Pegzilarginase is currently being evaluated in a Phase 3 trial for the treatment of Arginase 1 Deficiency.
Our most advanced investigational medicine is pegzilarginase, a novel, recombinant human arginase 1 enzyme designed to lower levels of the amino acid arginine. An elevated level of arginine is the hallmark of Arginase 1 Deficiency (ARG1-D), a debilitating, progressive, inherited metabolic disease that typically presents in childhood. Patients with ARG1-D experience persistently high levels of arginine, which leads to muscle tightness (spasticity), missed developmental milestones, intellectual disability, seizures and early death.
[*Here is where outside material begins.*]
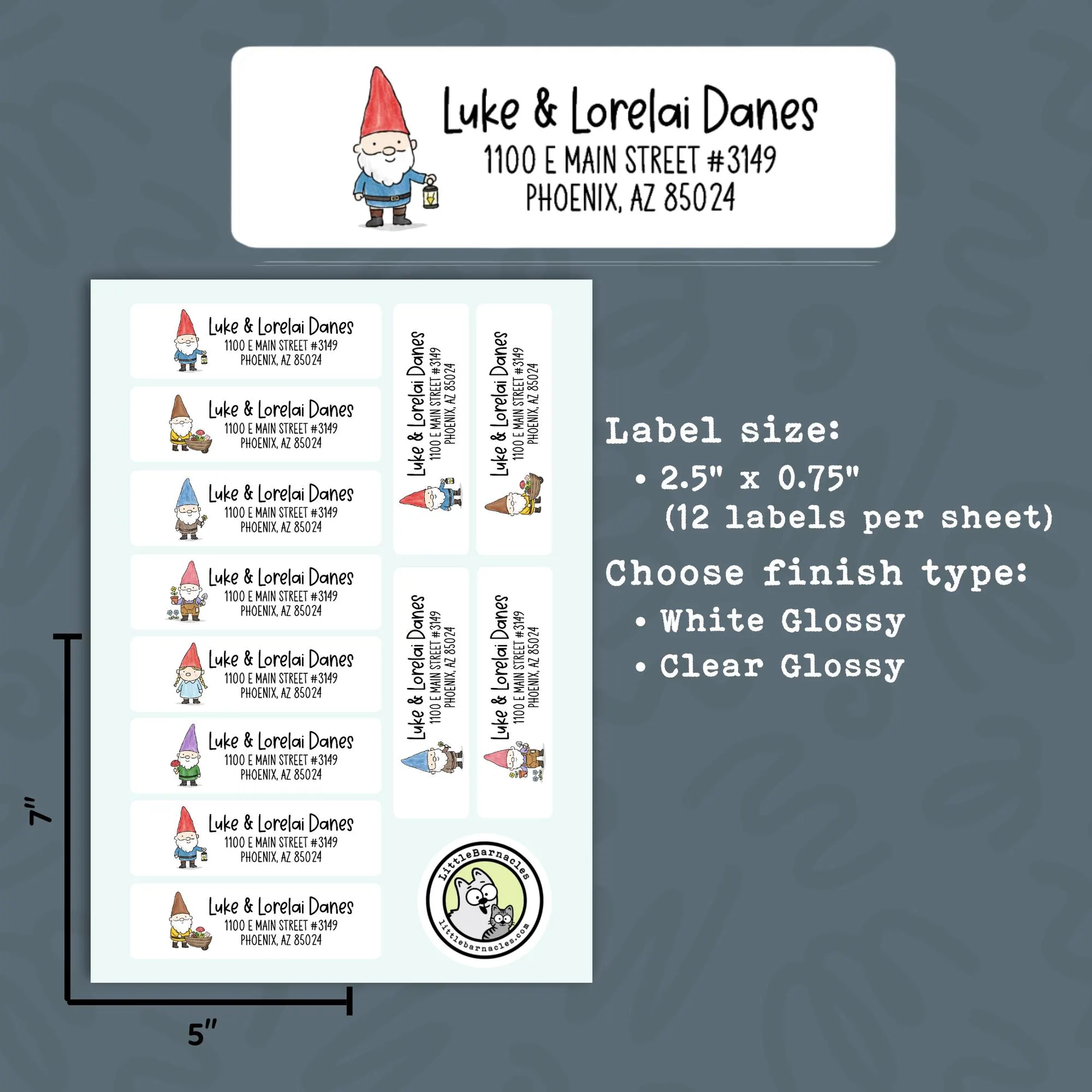 Custom Gnome Address Labels • Personalized Return Address Stickers • Cute Garden Gnome Mailing Labels • Customizable Address Label Set of 12

In data from a Phase 1/2 clinical trial and its open-label extension study, treatment with pegzilarginase was shown to rapidly and sustainably reduce blood arginine levels in patients with ARG1-D. The data also showed that pegzilarginase improved clinical outcomes, including mobility and motor function. Pegzilarginase was well tolerated, with most treatment-related adverse events being mild and manageable with standard measures.
Pegzilarginase is investigational. Safety and efficacy have not been established by any agency.
In a clinical trial, pegzilarginase demonstrated rapid and sustainable reduction in arginine to goal levels in people with ARG1-D.
Pegzilarginase has received several regulatory designations, including Fast Track, Breakthrough, Orphan Drug and Rare Pediatric Disease Designations from the U.S. Food and Drug Administration as well as Orphan Drug Designation from the European Medicines Agency.